**Data provided**
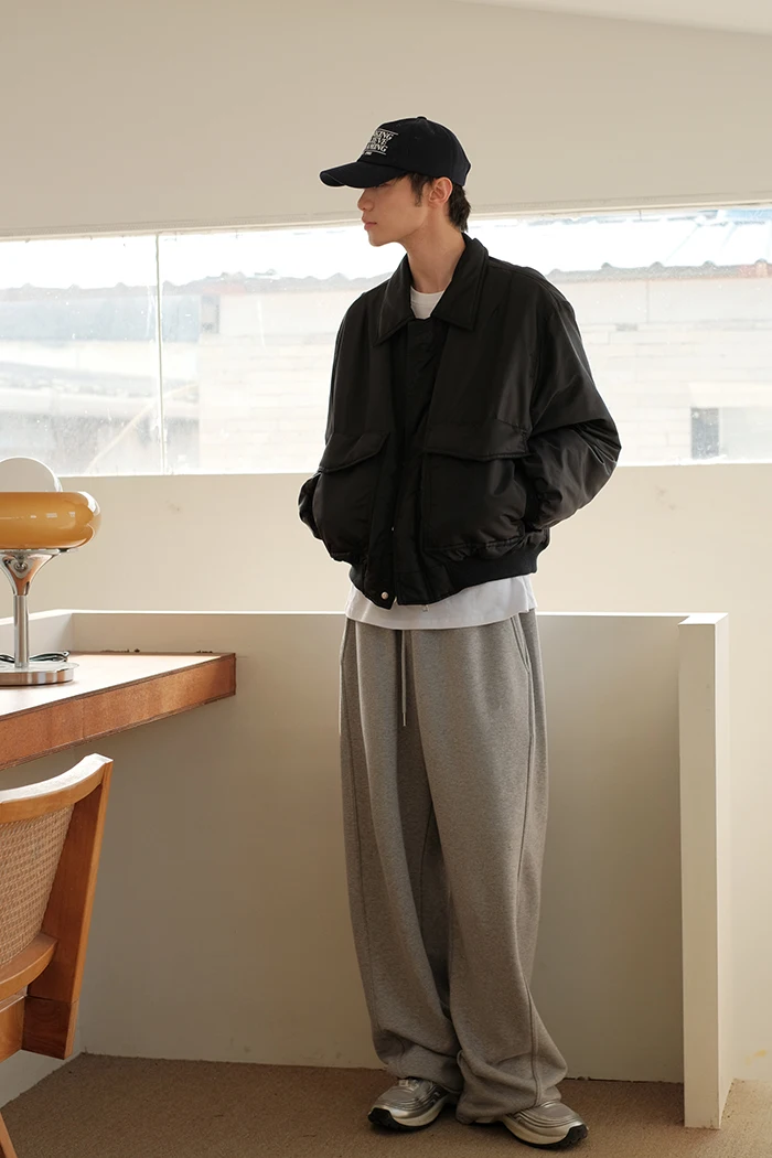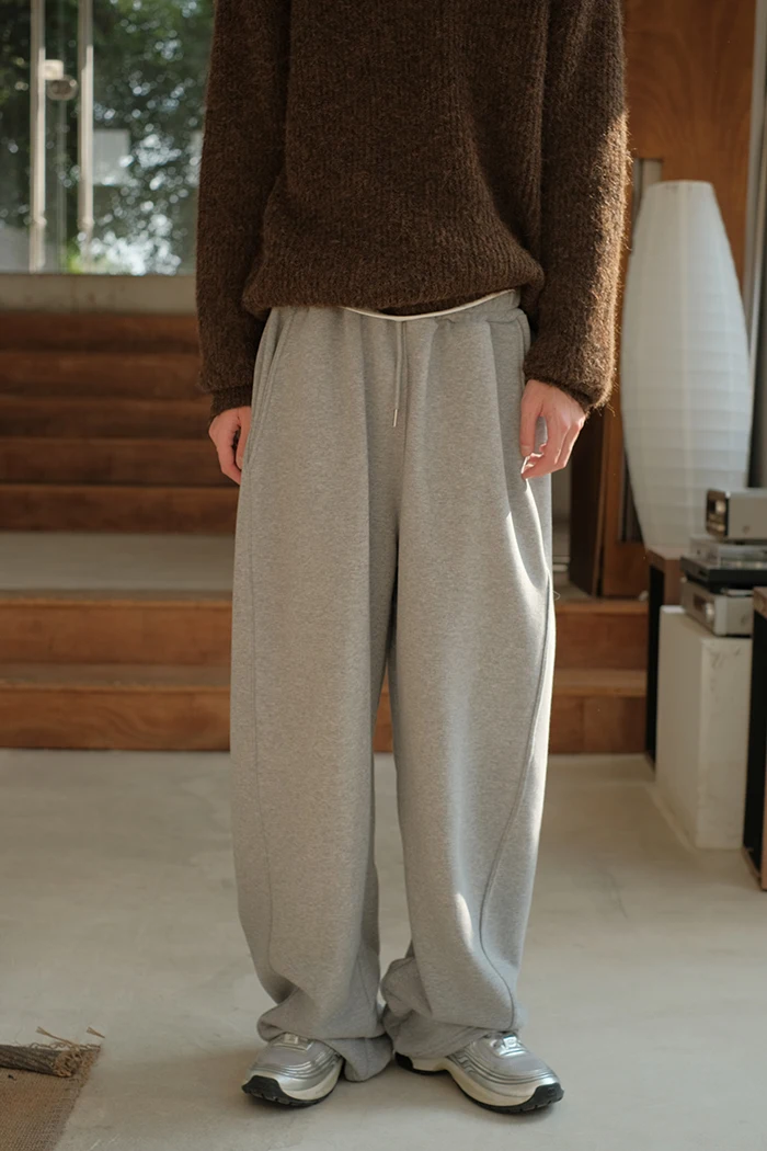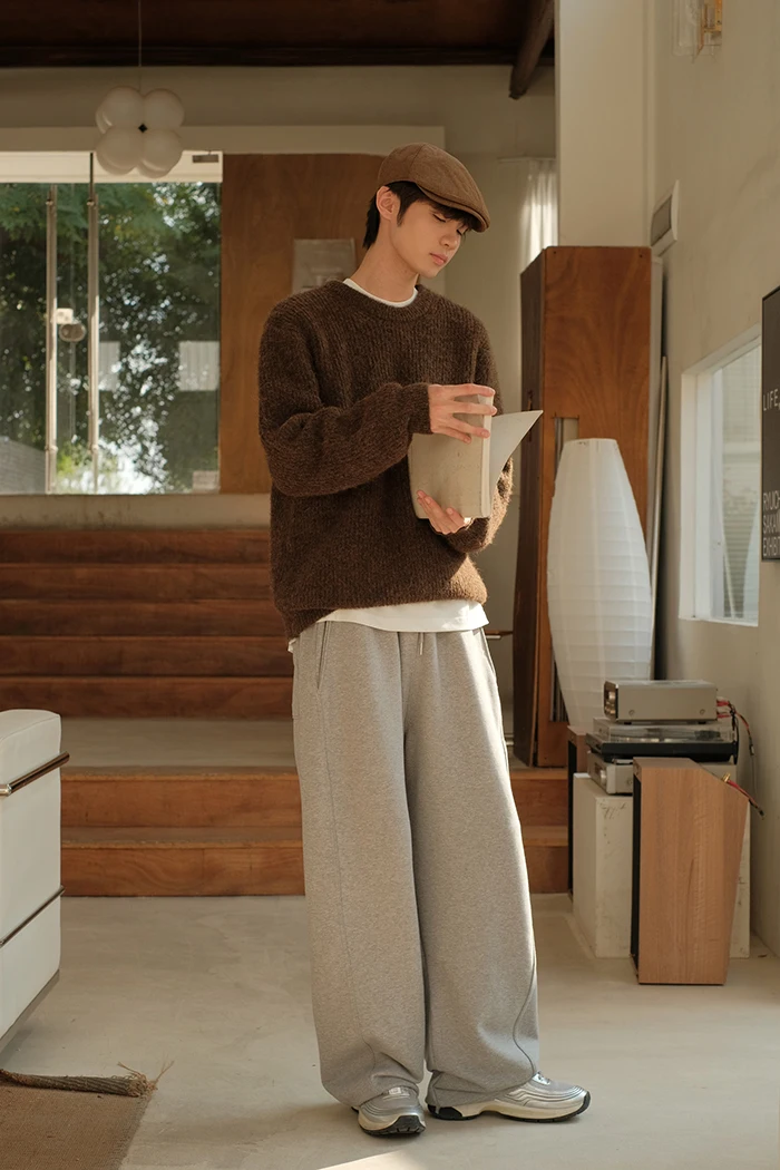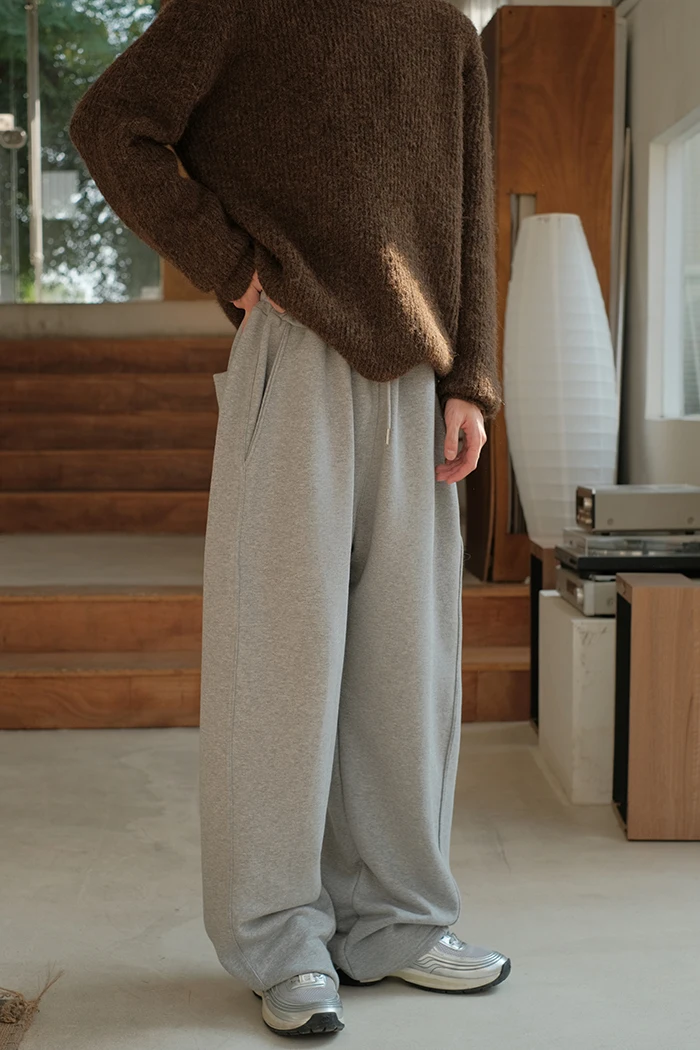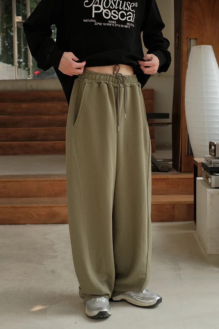 Wiaofellas - Spring Summer Curved Knife Cutting 380G Japan fashion Loose Knitted Sweatpants Drawstring Sweat pants Men ...
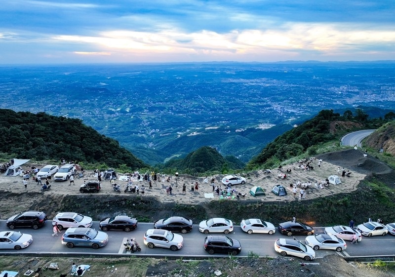 7月25日,四川省華鎣市市民駕車來到華鎣山21道拐避暑納涼(無人機(jī)照片)。
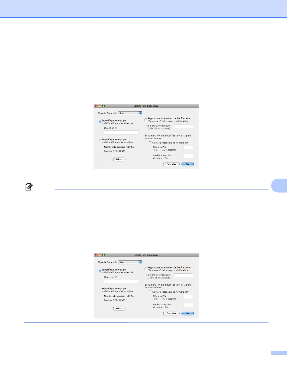 b Especifique el equipo mediante la dirección IP o el nombre de servicio mDNS. Para cambiar la dirección
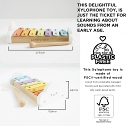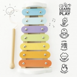 De productie met FSC-gecertificeerd hout en de afwerking met waterverdunbare, niet-giftige verven garanderen veiligheid en duurzaamheid. Spelen met de xylofoon motiveert kinderen om tonen te ontdekken en versterkt de oog-handcoördinatie.
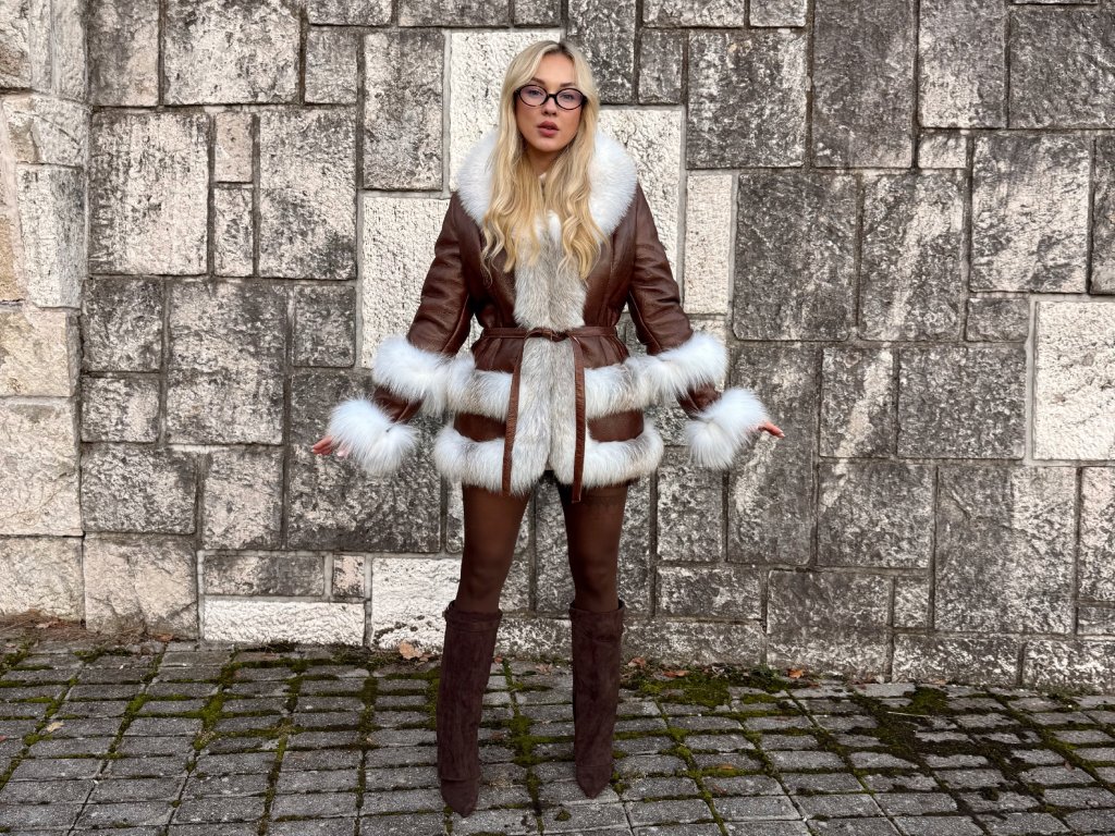 Kožuch z ovčieho rúna s líškou Shadow Golden Island Cognac
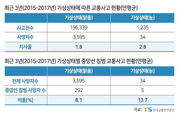 한국교통안전공단은 최근 3년간('15~'17년) 기상상태에 따른 교통사고 현황을 분석한 결과, 눈길 교통사고의 치사율이 맑은 날에 비해 1.6배 높게 나타났다고 12일 밝혔다.
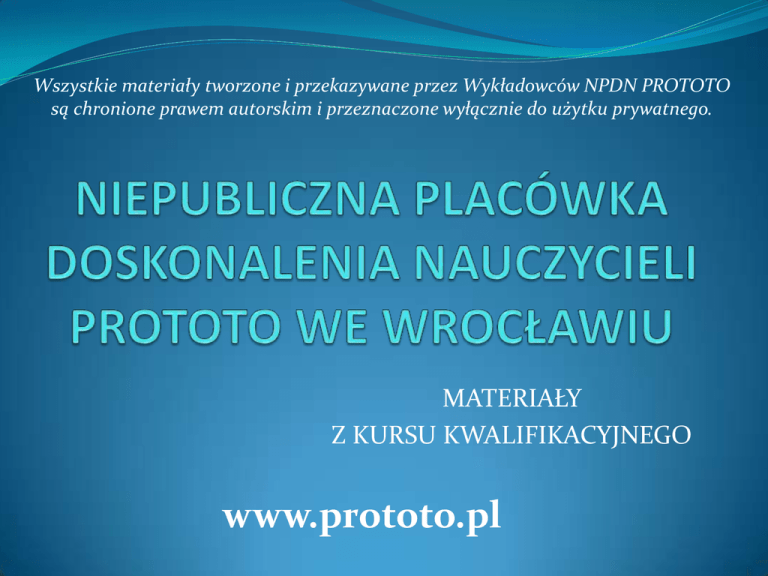 Wszystkie materiały tworzone i przekazywane przez Wykładowców NPDN PROTOTO są chronione prawem autorskim i przeznaczone wyłącznie do użytku prywatnego. MATERIAŁY Z KURSU KWALIFIKACYJNEGO www.prototo.pl PSYCHOLOGIA ROZWOJOWA WPROWADZENIE CZ. 1 Przedmiot i zadania psychologii rozwojowej Rozwój i istota zmian Metody badawcze Niepubliczna Placówka Doskonalenia Nauczycieli „PROTOTO” – J. Gadowicz PRZEDMIOT I ZADANIA PSYCHOLOGII ROZWOJOWEJ Niepubliczna Placówka Doskonalenia Nauczycieli „PROTOTO” – J. Gadowicz Psychologia rozwojowa - to dziedzina psychologii zajmująca się genezą zjawisk, funkcji i czynności psychicznych. Możemy wyróżnić psychologię Niepubliczna Placówka Doskonalenia Nauczycieli „PROTOTO” – J. Gadowicz filogenetyczną - rozwój gatunków bada pochodzenie i rozwój procesów psychicznych istot żywych od najprostszych organizmów aż do powstania człowieka psychologia antropogenetyczna – rozwój historyczny człowieka; psychologię ontogenetyczną - rozwój indywidualny człowieka w toku jego życia osobniczego - przedmiot zainteresowania psychologii rozwoju. CELEM PSYCHOLOGII ROZWOJOWEJ JEST: poznawanie, Niepubliczna Placówka Doskonalenia Nauczycieli „PROTOTO” – J. Gadowicz zrozumienie i przedstawianie procesu rozwoju człowieka w różnych okresach jego życia wskazywanie realnych możliwości kształtowania, doskonalenia, samodoskonalenia i przekształcania własnych „sił rozwojowych” człowieka ZWIĄZKI PSYCHOLOGII ROZWOJOWEJ Z INNYMI DZIAŁAMI PSYCHOLOGII: a) wychowawczą b) społeczną c) różnic indywidualnych d) kliniczną Niepubliczna Placówka Doskonalenia Nauczycieli „PROTOTO” – J. Gadowicz Rozwój - długotrwały i ukierunkowany proces zmian w procesach fizycznych i psychicznych zachodzących w ciągu całego życia, w którym można się organizmu pod różnym względem. Najważniejsze cechy rozwoju to: kierunkowość – zmiany konsekwentnie prowadzą do określonego stanu końcowego postępowość – każda kolejna faza odznacza się wyższością w stosunku do poprzedniej Niepubliczna Placówka Doskonalenia Nauczycieli „PROTOTO” – J. Gadowicz wyodrębnić kolejne etapy świadczące o różnicowaniu Cechy rozwoju psychicznego człowieka: Zmiany rozwojowe są nieustanne, ciągłe i dynamiczne ponieważ świat zewnętrzny i człowiek ciągle się zmienia, Zmiany rozwojowe w znacznym stopniu są zdeterminowane czynnikami środowiskowo – kulturowymi Niepubliczna Placówka Doskonalenia Nauczycieli „PROTOTO” – J. Gadowicz Istota rozwoju: ZMIANA - czyli uwzględnienie perspektywy czasowej; a obecnym danego obiektu zaobserwowana po upływie pewnego czasu. Jednak nie każda zmiana oznacza rozwój! Niepubliczna Placówka Doskonalenia Nauczycieli „PROTOTO” – J. Gadowicz Definicja zmiany: różnica między stanem poprzednim OBSZARY ZMIAN Poziom społeczny: zmiany relacji osoba – otoczenie. Poziom osobowościowy: zmiany osobowości. Poziom poznawczy: zmiany struktur umysłowych. Poziom behawioralny: zmiany zachowania. Niepubliczna Placówka Doskonalenia Nauczycieli „PROTOTO” – J. Gadowicz W ONTOGENEZIE CZŁOWIEKA WYRÓŻNIA SIĘ TRZY ETAPY: - prenatalny - postnatalny - perinatalny Niepubliczna Placówka Doskonalenia Nauczycieli „PROTOTO” – J. Gadowicz USYSTEMATYZOWANIE ROZWOJU GRECY Wiosna, czyli okres stawania się człowiekiem – 0 – 20 lat Lato, czyli człowiek młody – 20 – 40 lat Jesień, czyli człowiek w pełni dojrzały – 40 – 60 lat Zima, czyli człowiek stary, cofający się – 60 – 80 lat Niepubliczna Placówka Doskonalenia Nauczycieli „PROTOTO” – J. Gadowicz CHIŃCZYCY Młodość – do 20 lat Wiek zawierania małżeństw – do 30 lat Wiek poznawania własnych błędów – do 40 lat Wiek pełnienia urzędów społecznych – do 50 lat Końcowy okres twórczego życia – do 60 l. Wiek upragniony – do 70 lat Starość – od 70 lat PERIODYZACJA ROZWOJU Niepubliczna Placówka Doskonalenia Nauczycieli „PROTOTO” – J. Gadowicz 1. Okres prenatalny: 0-9 m.ż. -------- Narodziny-------2. Okres niemowlęcy: od narodzin do 1 r.ż. w tym okres noworodkowy: od narodzin do 1 m.ż. 3. Okres poniemowlęcy: od 1 r.ż. do 3 r.ż. 4. Wczesne dzieciństwo: 2- 3 r.ż. do 6- 7 r.ż. 5. Średnie dzieciństwo: 6- 7 r.ż. do 11- 12 r.ż. 6. Okres dorastania: 11- 12 r.ż. do 17- 20 r.ż. 7. Wczesna dorosłość: 17- 18- 20 r.ż. do 40 - 45 r.ż. 8. Średnia dorosłość: 40 - 45 r.ż. do 60 - 65 r.ż. 9. Późna dorosłość: 60 - 65 r.ż. do ---------------Śmierć--------- WSKAŹNIKIEM ROZWOJU ONTOGENETYCZNEGO CZŁOWIEKA SĄ: - zmiany ilościowe –wzrost danej cechy/zespołu cech - jakościowe dana funkcja lub czynność psychiczna nie tylko wzrasta i rozszerza swój zasięg lecz przekształca się w do nowego wyższego poziomu albo nowej właściwości Niepubliczna Placówka Doskonalenia Nauczycieli „PROTOTO” – J. Gadowicz somatycznych i psychicznych INNA KLASYFIKACJA ZMIAN - zmiany wielkości– charakter ilościowy - zmiany proporcji - charakter ilościowo –jakościowy - zmiany związane z zanikaniem starych właściwości - zmiany związane z nabywaniem nowych właściwości Niepubliczna Placówka Doskonalenia Nauczycieli „PROTOTO” – J. Gadowicz RODZAJE ZMIAN ROZWOJOWYCH: uniwersalne- zależne od wieku i występujące u każdego przedstawiciela wspólne - dla rozwijających się razem członków pewnej grupy, którą może stanowić albo określona kultura, albo pewne pokolenie należące do danej kultury; indywidualne - wywołane czynnikami oddziałującymi tylko na daną jednostkę. Niepubliczna Placówka Doskonalenia Nauczycieli „PROTOTO” – J. Gadowicz gatunku homo sapiens; CECHY ZMIAN ROZWOJOWYCH Tempo –szybkość z jaką dokonują się zmiany Rytm – stopień regularności zachodzenia zmian Cykle rozwoju. Fazy: progres, plateau, regres, kryzys itd. Niepubliczna Placówka Doskonalenia Nauczycieli „PROTOTO” – J. Gadowicz MODEL L
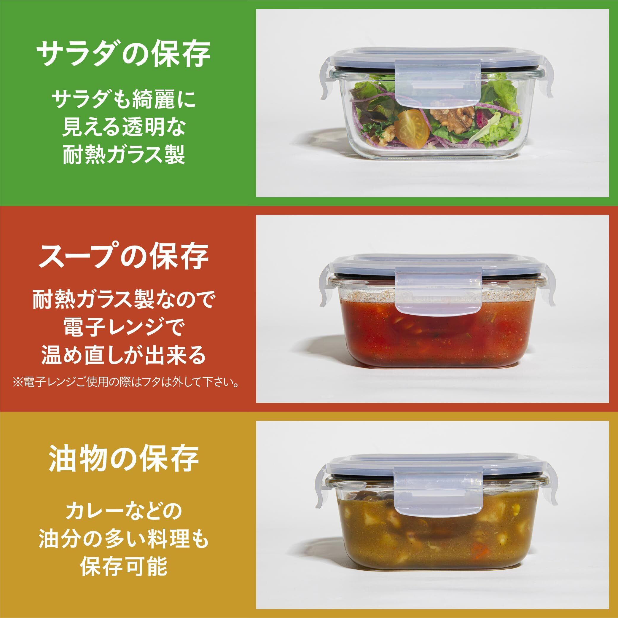 余ったスープを保存して電子レンジで温め直して使えます。※蓋を外してから電子レンジをご使用下さい。作り置きした食材を積み重ねて、冷蔵庫内もスッキリ収納することが出来ます。
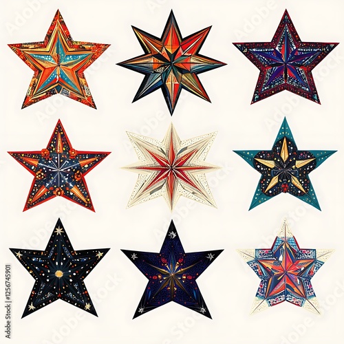 Obraz premium Colorful Paper Stars, Ornate Design, Isolated, Decorative, Backgroundless
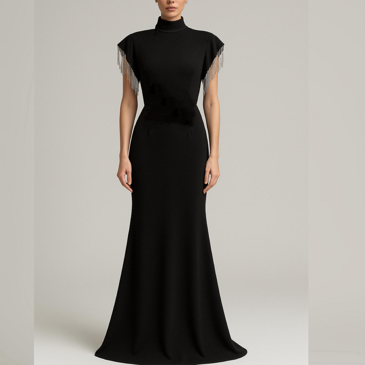 لباس مجلسی ماکسی زنانه کد 1117 مشکی ، در سایزبندی 38 تا 46 . این پیراهن یقه بسته و آستین کوتاه است که در قسمت آستین نوارهای نگین دار دوخته شده است. این پیراهن دارای کمربند پارچه ای می باشد. مدل پیراهن ماهی است . جنس این لباس شب بسیار زیبا کرپ کش می باشد.
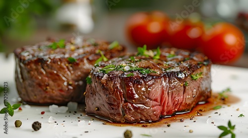 Grilled beef filet mignon steaks, medium rare, juicy center, seared exterior, white marble countertop, fresh herb garnish, coarse salt flakes, olive oil sheen.
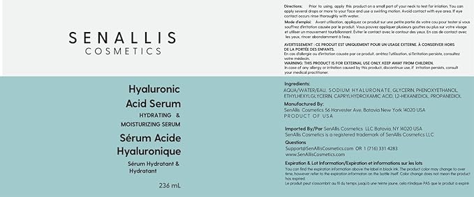 Hyaluronic Acid Serum 8 fl oz And 2 fl oz, Made From Pure Hyaluronic Acid, Anti Aging/Wrinkle, Ultra-Hydrating Moisturizer That Reduces Dry Skin Manufactured In USA
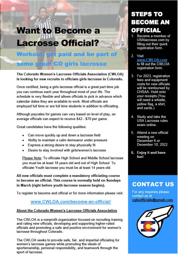 • Colorado Women’s Lacrosse Officials Association Registration Information
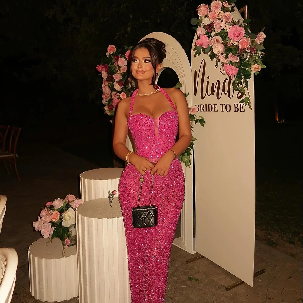 Роскошные платья для выпускного вечера Вечернее платье русалки без рукавов с лямкой на шее Гала-платье День рождения Розово-красное свадебное платье для гостей по индивидуальному заказу

**Work to complete**
Return only the lines from the one containing "لباس مجلسی ماکسی" through the last line of the entries above, exactly as written and without pictures.

**Output for this exercise**
 لباس مجلسی ماکسی زنانه کد 1117 مشکی ، در سایزبندی 38 تا 46 . این پیراهن یقه بسته و آستین کوتاه است که در قسمت آستین نوارهای نگین دار دوخته شده است. این پیراهن دارای کمربند پارچه ای می باشد. مدل پیراهن ماهی است . جنس این لباس شب بسیار زیبا کرپ کش می باشد.
 Grilled beef filet mignon steaks, medium rare, juicy center, seared exterior, white marble countertop, fresh herb garnish, coarse salt flakes, olive oil sheen.
 Hyaluronic Acid Serum 8 fl oz And 2 fl oz, Made From Pure Hyaluronic Acid, Anti Aging/Wrinkle, Ultra-Hydrating Moisturizer That Reduces Dry Skin Manufactured In USA
 • Colorado Women’s Lacrosse Officials Association Registration Information
 Роскошные платья для выпускного вечера Вечернее платье русалки без рукавов с лямкой на шее Гала-платье День рождения Розово-красное свадебное платье для гостей по индивидуальному заказу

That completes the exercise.